Experimental and numerical investigations of thermal characteristics of heat exchangers in oscillatory flow

Heat exchangers under oscillatory flow conditions constitute a critical component of thermoacoustic engines and coolers for which effective design methodologies are not yet available. In this study, the thermal and pressure drop performance of compact Tube Heat Exchanger (T-HEX) under oscillatory flow conditions is investigated using experimental and numerical methods. A standing wave experimental set-up, driven by the Q-drive linear alternator, and a measurement technique were developed to measure the temperature and acoustic pressure near the T-HEX simultaneously. The symmetric arrangement of three identical heat exchangers, one 'hot' heat exchanger, centrally placed between two 'cold' heat exchangers, is employed for an improved thermal analysis.
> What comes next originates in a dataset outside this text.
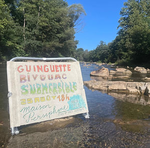 Un rendez-vous a été proposé pendant la résidence pour les habitant.es / adhérent.es de la maison Perséphone. Dimanche 25 août à partir de 18h une invitation à un apéritif Guiguette Bivouac Submersible sur la Cèze.

Furthermore, aerodynamic shape is used on the heat exchangers gas channels to improve flow conditions associated with a sudden change in the cross-section. Experimental results are found to agree well with the predictions from three-dimensional Computational Fluid Dynamics (CFD) models. The Nusselt number and pressure drop due to minor losses show dependency on the drive ratio (measured maximum oscillating pressure to the system mean pressure), the edge shape and hot heat exchanger temperature. At a high amplitude, the edge shape significantly minimises the minor loss pressure difference, with negligible effect on the thermal performance. The results reported in this study will benefit the development of compact heat exchangers for the thermoacoustic engines/refrigerators or Sterling engines/coolers in cryogenic applications.